Debemos invocar a menudo a nuestros ángeles de la guarda, respetarlos y, sobre todo, tratar de imitarlos en todas nuestras acciones. Lo primero que debemos imitar de ellos es la conciencia de que estamos en presencia de Dios. En efecto, si estuviéramos bien advertidos de la presencia de Dios, ¿cómo podríamos hacer el mal? ¡Nuestras virtudes y todas nuestras buenas obras serían mucho más agradables a Dios! Dios le dice a Abrahán: ¿Quieres ser perfecto? Camina en mi presencia.

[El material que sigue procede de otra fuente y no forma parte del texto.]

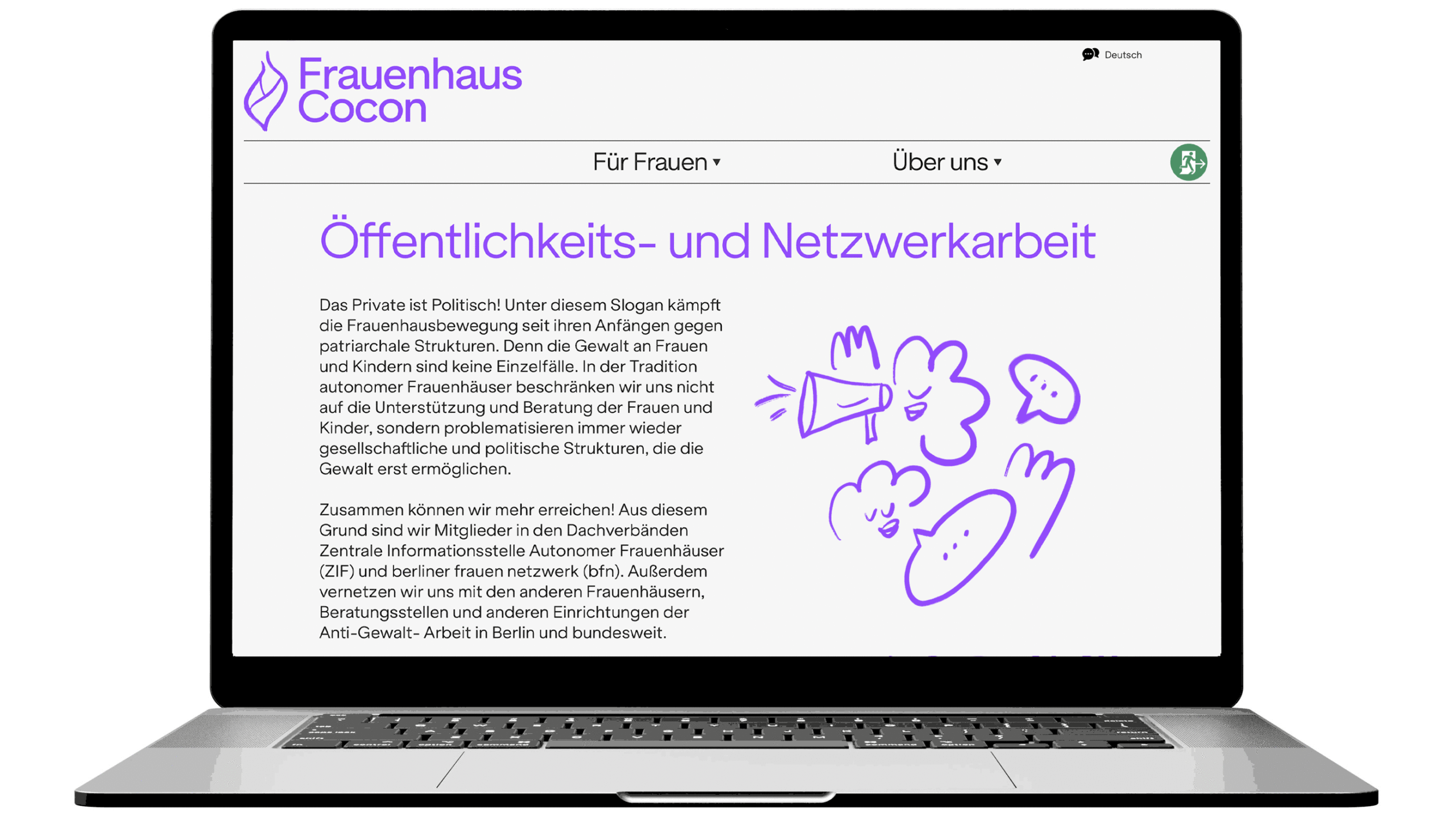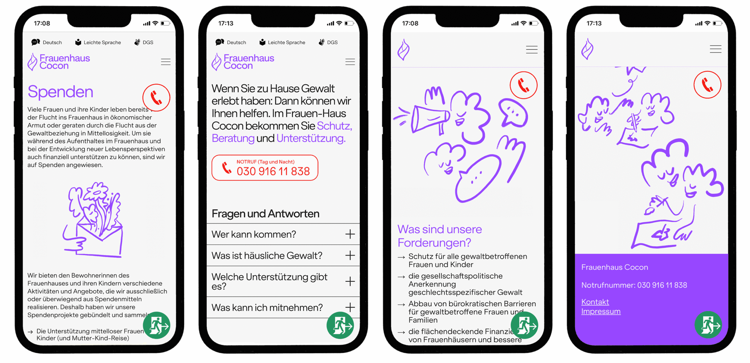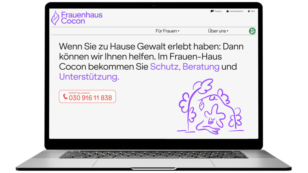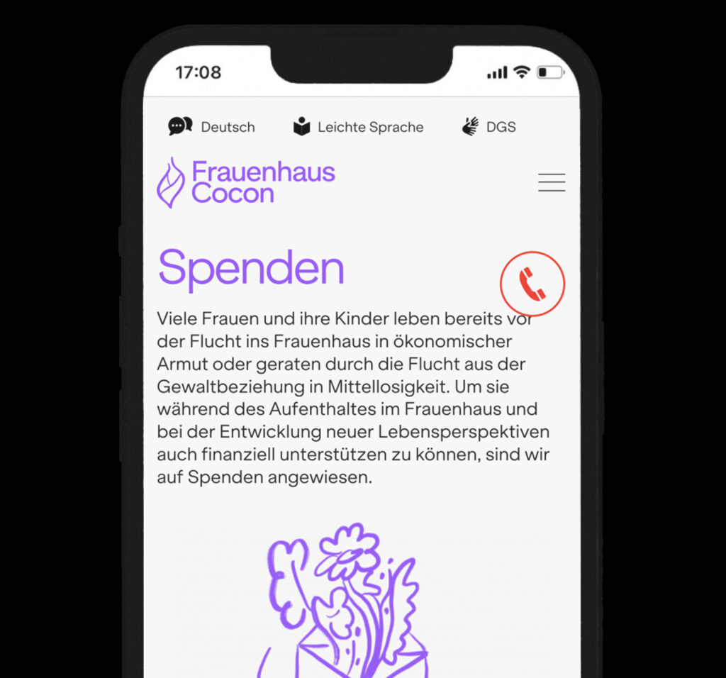 For added safety, we integrated a sticky “Exit”-button. With one click or tap, the site redirects to Google, blocking the back function to prevent traces of the visit. This ensures quick, discreet escape in potentially dangerous situations. Also the site’s wordmark “Frauenhaus Cocon” fades out when scrolling down, making it less identifiable at a glance.

¿Cómo puede ser que olvidemos tan fácilmente al buen Dios, si lo tenemos siempre delante de nosotros? ¿Por qué no tenemos respeto y reconocimiento hacia nuestros ángeles, que nos acompañan día y noche? "Soy demasiado miserable, diréis, para merecer esto". No solo, hermanos míos, Dios no os pierde de vista un instante, sino que os da un ángel que no deja de guiar vuestros pasos.